The building of the NBH in Budapest – Photo: wikimedia

Central bank keeps base rate on hold

Hungarian rate-setters kept the base rate at 13.0 percent at a regular policy meeting on Tuesday.

At the same time, the Monetary Council further narrowed the interest corridor, the lower band reduced by 50 basis points to 12.0 percent and upper band by 250 basis points to 14.0 percent.

In a statement released after the meeting, the Council said the gap between the NBH’s one-day quick deposits offered at daily tenders — which stands at 14.0 percent at present — and the base rate would close, with the base rate to be paid on the instrument for three days, from September 27 until 29, after which time the quick deposit tenders will cease.

“By closing the gap between the interest rate on the overnight quick deposit tender and the base rate, monetary policy will enter a new phase, which will provide an opportunity to develop a simpler set of instruments adapting to the changed environment,” the statement said.

The Council said that from September 27, the central bank base rate will become the National Bank of Hungary’s effective interest rate.

From October 1, the NBH will pay the base rate on both mandatory reserves — excluding the part on which no interest is paid — and optional reserves.

Until the start of the new framework, the NBH will ensure the effective monetary policy transmission via overnight quick deposit tenders announced at the base rate, it said.

Meanwhile, the central bank also released the headline figures of its quarterly Inflation Report on Tuesday.
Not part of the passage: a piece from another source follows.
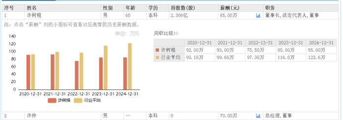 据东方财富网数据,浙江鼎力董事长许树根2024年领薪85万元,总经理许仲同年领薪70万元。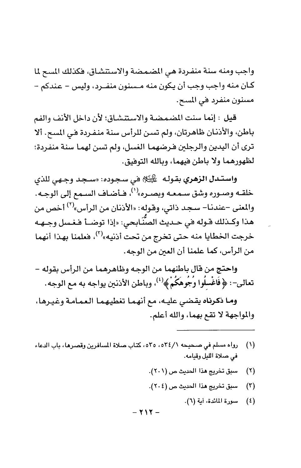 واستدل الزهري بقوله عليه السلام في سجوده: «سجد وجهي للذي خلقه وصوره وشق سمعه وبصره». فأضاف السمع إلى الوجه، والمعنى - عندنا - سنجد ذاتي، وقوله: «الأذنان من الرأس». أخص من هذا، وكذلك قوله في حديث الصُّنَابِحِي: «إذا توضأ فغسل وجهه خرجت الخطايا منه حتى تخرج من تحت أذنيه»، فعلمنا بهذا أنهما من الرأس كما علمنا أن العين من الوجه.

The NBH puts average annual inflation at 17.6-18.1 percent for 2023, compared to a 16.5-18.5 percent range in its previous forecast published in June.

The central bank sees average annual inflation falling to 4.0-6.0 percent in 2024 and to 2.5-3.5 percent in 2025.

The bank lowered its GDP growth forecast for 2023 to -0.5-0,5 percent from the previous forecast of 0-1.5 percent. The NBH puts growth at 3.0-4.0 percent in 2024 and 2025.

At a press conference held after the meeting, NBH deputy-governor Barnabas Virag said policy makers had “concluded the normalisation of the extraordinary interest rate environment” with the 100 basis point reduction in the effective interest rate.